=== Exercise goal ===
Reproduce the whole listing word for word. Leave every image out.

*** Recorded data Section Begins ***

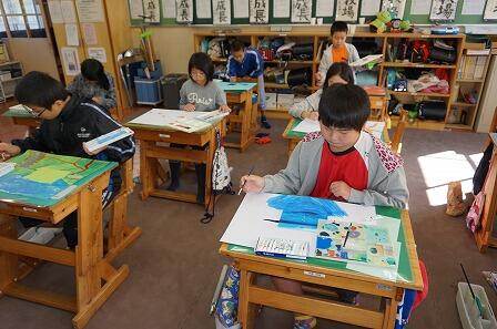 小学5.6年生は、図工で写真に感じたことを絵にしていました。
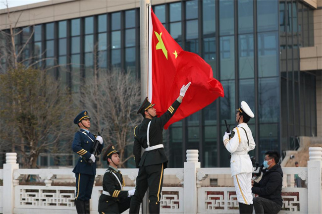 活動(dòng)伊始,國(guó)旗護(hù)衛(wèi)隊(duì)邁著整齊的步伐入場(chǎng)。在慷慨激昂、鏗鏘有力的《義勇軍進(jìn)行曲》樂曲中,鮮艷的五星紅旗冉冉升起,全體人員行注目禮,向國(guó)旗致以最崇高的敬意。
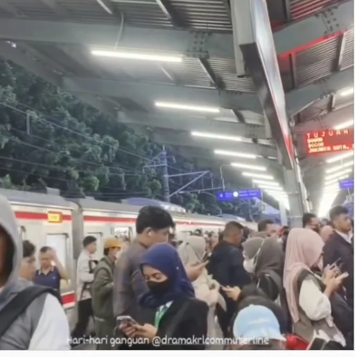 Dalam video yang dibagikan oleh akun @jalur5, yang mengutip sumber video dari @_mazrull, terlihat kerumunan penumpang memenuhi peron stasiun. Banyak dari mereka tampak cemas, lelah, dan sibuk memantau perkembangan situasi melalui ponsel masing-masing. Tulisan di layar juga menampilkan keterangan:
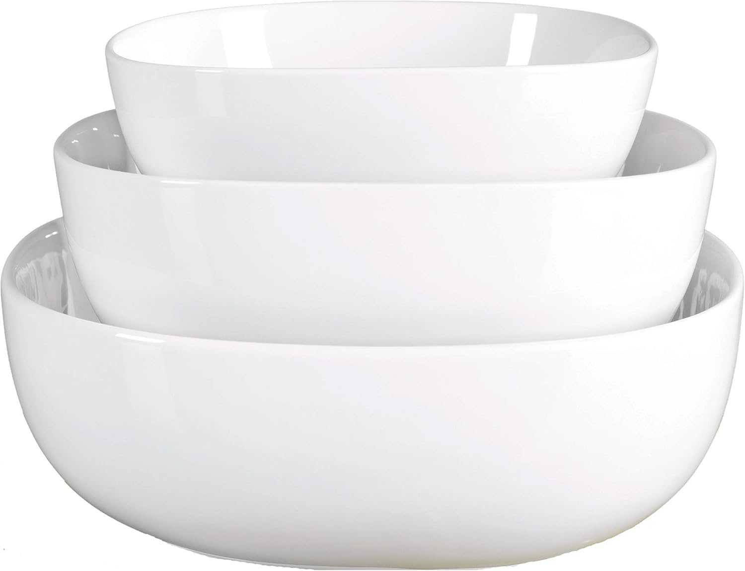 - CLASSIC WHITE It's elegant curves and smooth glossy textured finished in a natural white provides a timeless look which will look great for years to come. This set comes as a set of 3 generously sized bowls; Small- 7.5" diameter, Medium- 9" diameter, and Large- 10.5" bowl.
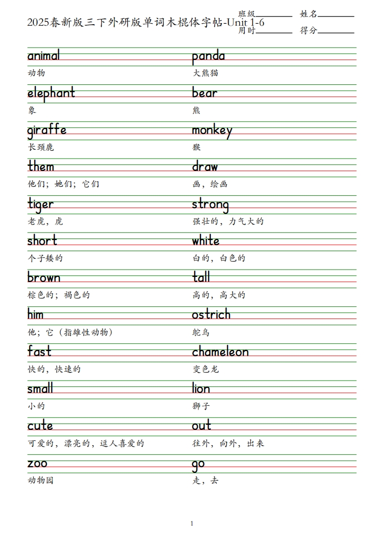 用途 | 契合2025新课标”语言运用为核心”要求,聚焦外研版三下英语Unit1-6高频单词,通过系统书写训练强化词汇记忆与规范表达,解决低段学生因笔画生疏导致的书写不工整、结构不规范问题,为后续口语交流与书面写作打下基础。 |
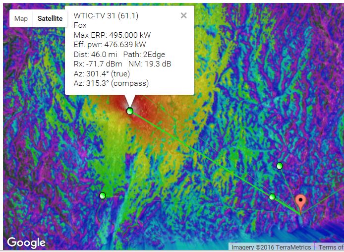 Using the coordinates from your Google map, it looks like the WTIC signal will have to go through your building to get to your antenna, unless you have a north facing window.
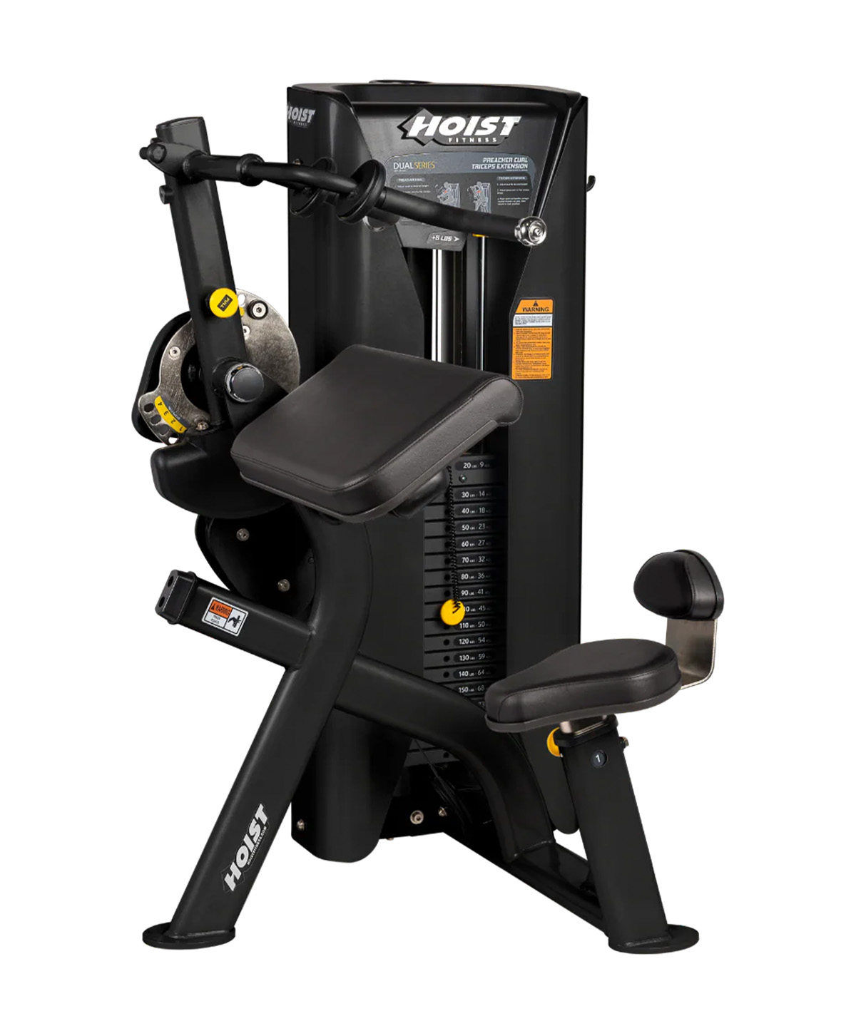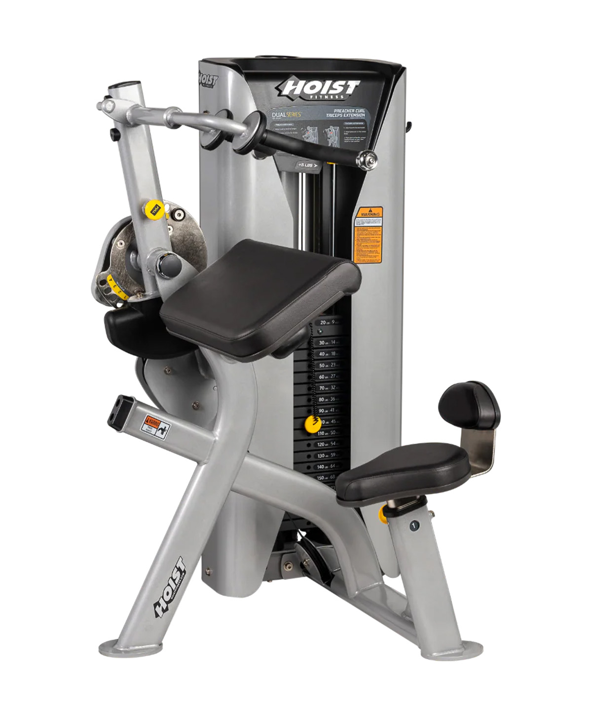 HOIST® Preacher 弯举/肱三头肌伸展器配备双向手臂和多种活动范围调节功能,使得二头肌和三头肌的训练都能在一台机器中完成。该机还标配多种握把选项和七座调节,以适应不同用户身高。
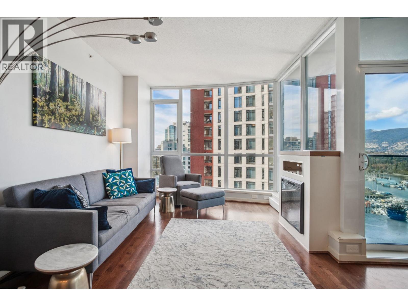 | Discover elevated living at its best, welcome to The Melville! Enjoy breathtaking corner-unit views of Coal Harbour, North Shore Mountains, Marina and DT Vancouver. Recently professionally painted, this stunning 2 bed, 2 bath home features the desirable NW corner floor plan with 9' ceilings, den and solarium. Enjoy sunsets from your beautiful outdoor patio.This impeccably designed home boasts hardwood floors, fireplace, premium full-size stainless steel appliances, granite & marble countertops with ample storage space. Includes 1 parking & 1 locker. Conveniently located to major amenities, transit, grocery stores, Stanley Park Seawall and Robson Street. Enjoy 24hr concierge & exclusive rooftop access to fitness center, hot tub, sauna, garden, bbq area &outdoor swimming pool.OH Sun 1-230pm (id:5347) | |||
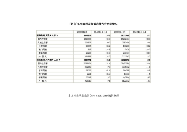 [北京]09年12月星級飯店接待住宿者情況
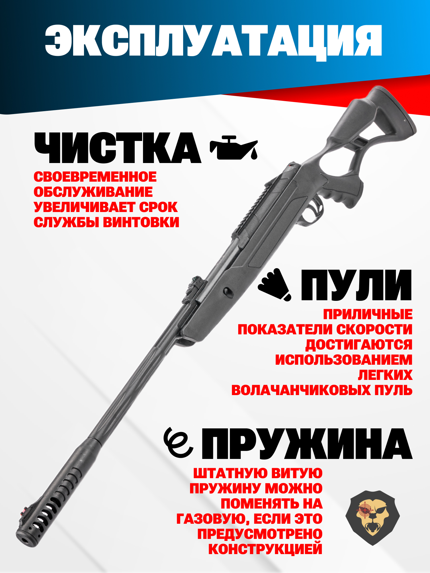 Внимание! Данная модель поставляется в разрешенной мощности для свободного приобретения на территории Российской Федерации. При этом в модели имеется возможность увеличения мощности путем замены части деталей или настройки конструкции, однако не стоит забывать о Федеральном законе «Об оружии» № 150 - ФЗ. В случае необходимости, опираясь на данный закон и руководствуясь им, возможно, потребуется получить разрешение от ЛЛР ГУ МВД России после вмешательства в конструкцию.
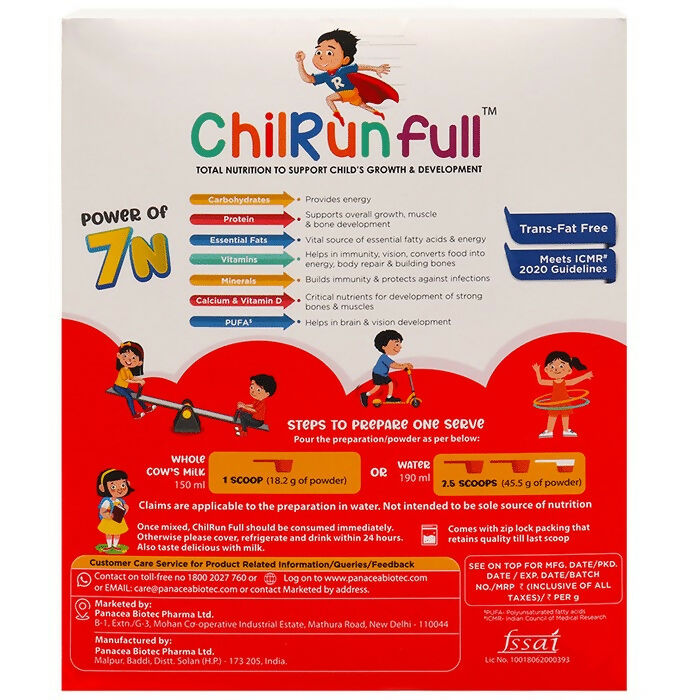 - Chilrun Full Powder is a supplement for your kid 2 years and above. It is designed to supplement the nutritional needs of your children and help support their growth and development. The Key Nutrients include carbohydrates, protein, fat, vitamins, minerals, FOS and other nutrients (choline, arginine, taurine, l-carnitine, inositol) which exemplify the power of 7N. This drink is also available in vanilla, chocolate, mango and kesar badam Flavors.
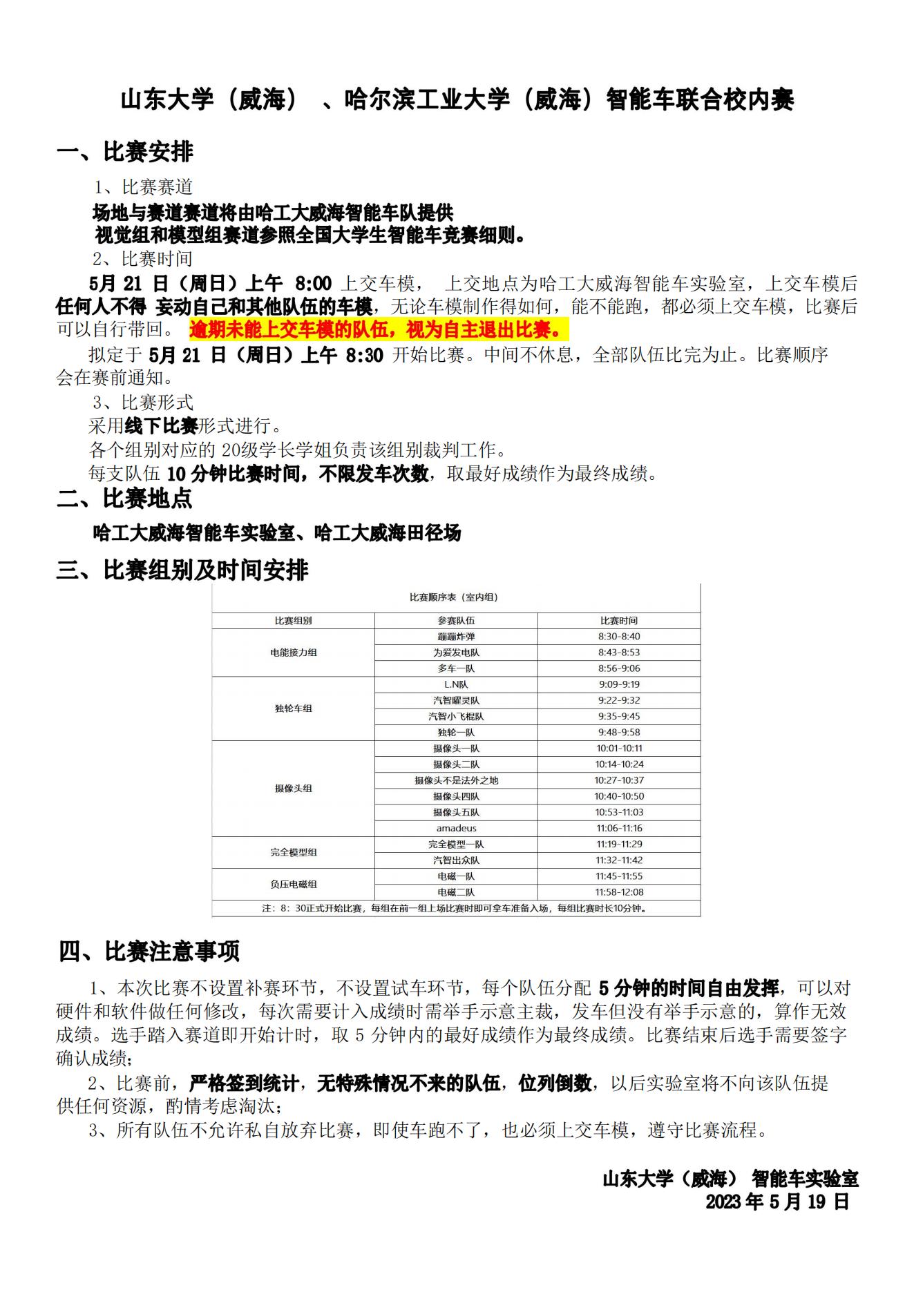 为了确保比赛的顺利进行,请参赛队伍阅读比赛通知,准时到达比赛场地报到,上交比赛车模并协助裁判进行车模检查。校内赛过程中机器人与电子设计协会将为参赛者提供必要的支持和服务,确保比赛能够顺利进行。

*** Recorded data Section Ends ***

=== Exercise solution ===
 小学5.6年生は、図工で写真に感じたことを絵にしていました。
 活動(dòng)伊始,國(guó)旗護(hù)衛(wèi)隊(duì)邁著整齊的步伐入場(chǎng)。在慷慨激昂、鏗鏘有力的《義勇軍進(jìn)行曲》樂曲中,鮮艷的五星紅旗冉冉升起,全體人員行注目禮,向國(guó)旗致以最崇高的敬意。
 Dalam video yang dibagikan oleh akun @jalur5, yang mengutip sumber video dari @_mazrull, terlihat kerumunan penumpang memenuhi peron stasiun. Banyak dari mereka tampak cemas, lelah, dan sibuk memantau perkembangan situasi melalui ponsel masing-masing. Tulisan di layar juga menampilkan keterangan:
 - CLASSIC WHITE It's elegant curves and smooth glossy textured finished in a natural white provides a timeless look which will look great for years to come. This set comes as a set of 3 generously sized bowls; Small- 7.5" diameter, Medium- 9" diameter, and Large- 10.5" bowl.
 用途 | 契合2025新课标”语言运用为核心”要求,聚焦外研版三下英语Unit1-6高频单词,通过系统书写训练强化词汇记忆与规范表达,解决低段学生因笔画生疏导致的书写不工整、结构不规范问题,为后续口语交流与书面写作打下基础。 |
 Using the coordinates from your Google map, it looks like the WTIC signal will have to go through your building to get to your antenna, unless you have a north facing window.
 HOIST® Preacher 弯举/肱三头肌伸展器配备双向手臂和多种活动范围调节功能,使得二头肌和三头肌的训练都能在一台机器中完成。该机还标配多种握把选项和七座调节,以适应不同用户身高。
 | Discover elevated living at its best, welcome to The Melville! Enjoy breathtaking corner-unit views of Coal Harbour, North Shore Mountains, Marina and DT Vancouver. Recently professionally painted, this stunning 2 bed, 2 bath home features the desirable NW corner floor plan with 9' ceilings, den and solarium. Enjoy sunsets from your beautiful outdoor patio.This impeccably designed home boasts hardwood floors, fireplace, premium full-size stainless steel appliances, granite & marble countertops with ample storage space. Includes 1 parking & 1 locker. Conveniently located to major amenities, transit, grocery stores, Stanley Park Seawall and Robson Street. Enjoy 24hr concierge & exclusive rooftop access to fitness center, hot tub, sauna, garden, bbq area &outdoor swimming pool.OH Sun 1-230pm (id:5347) | |||
 [北京]09年12月星級飯店接待住宿者情況
 Внимание! Данная модель поставляется в разрешенной мощности для свободного приобретения на территории Российской Федерации. При этом в модели имеется возможность увеличения мощности путем замены части деталей или настройки конструкции, однако не стоит забывать о Федеральном законе «Об оружии» № 150 - ФЗ. В случае необходимости, опираясь на данный закон и руководствуясь им, возможно, потребуется получить разрешение от ЛЛР ГУ МВД России после вмешательства в конструкцию.
 - Chilrun Full Powder is a supplement for your kid 2 years and above. It is designed to supplement the nutritional needs of your children and help support their growth and development. The Key Nutrients include carbohydrates, protein, fat, vitamins, minerals, FOS and other nutrients (choline, arginine, taurine, l-carnitine, inositol) which exemplify the power of 7N. This drink is also available in vanilla, chocolate, mango and kesar badam Flavors.
 为了确保比赛的顺利进行,请参赛队伍阅读比赛通知,准时到达比赛场地报到,上交比赛车模并协助裁判进行车模检查。校内赛过程中机器人与电子设计协会将为参赛者提供必要的支持和服务,确保比赛能够顺利进行。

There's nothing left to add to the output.